1. The ideal planting time for deciduous trees is mid-autumn to early spring, providing the ground is neither waterlogged nor frozen. Broad-leaved evergreens and conifers are best planted earlier in the autumn or later in spring, when the soil is warm and moist. Keep roots moist to prevent foliage from shedding.

2. Trees ordered from a nursery will probably arrive bare rooted, with their roots either contained in a ball of soil wrapped in hessian, or in a wire basket. If you pick the tree up from the nursery, it may already be growing in a container. In that case it can be planted at any time except when the soil is frozen. Where summers are hot, avoid planting during periods of extreme heat.

3. In the case of some soils, inadequate drainage may result in poor growth of newly planted trees; therefore, ensuring good drainage is a prime consideration. The first step is proper selection of the planting site. A spot that is swampy or where water tends to collect after a rainfall is not a good place to plant most trees.

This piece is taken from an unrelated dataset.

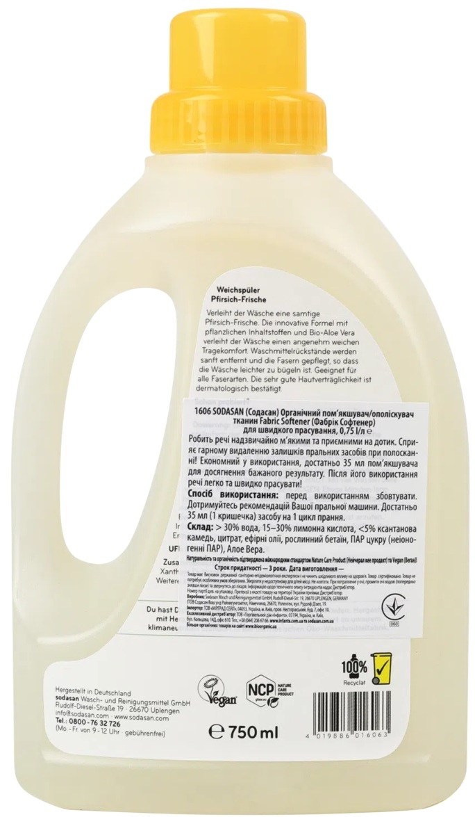 - Пом’якшувач-ополіскувач Sodasan Organic Fabric 750 мл

4. For the average young tree, the planting hole should be about 1 meter across and 45 centimetres deep—large enough to give the roots room to spread in all directions.

5. If you are planting in grass, mark out a circle and remove the turf. Break it up, and save it to incorporate with the soil you put around the roots. Begin digging from the centre of the circle, saving the topsoil as you go. When you see the soil becoming more yellowish or lighter coloured, it means you have reached the less organic subsoil. Keep digging, but put this in a separate pile.

6. When the hole is dug, fill it with water to test drainage. 

7. Sometimes a layer of impermeable soil will be fairly thin, and you can break through by thrusting your garden fork deeply into the bottom of the hole. If so, break up the base of the hole and proceed. If not, you might be well advised to pick another site.

8. All trees should be staked during their first 2 or 3 years. Stout wooden stakes treated with wood preservative are obtainable from most garden centres and nurseries. They should be long enough to hold the trunk upright but allow the crown and upper trunk to flex in the wind. With a bare-rooted tree, use a single stake driven in before planting; if the roots are incased in a ball of soil, drive in 2 stakes after planting, one on either side of the root ball.

9. Make starting holes for the sharpened stakes, insert them, and hammer them in with a sledge hammer.

10. Place a layer of rubble in the bottom of the hole you have dug to increase aeration. This is of value only if the hole already drains; it will not solve the problem of poor drainage.

11. Add soil and compost. Mix the subsoil you have taken out with an equal amount of topsoil, and use to form a thin layer in the hole. Tread firmly, fill with water, and let drain before positioning your tree in the hole.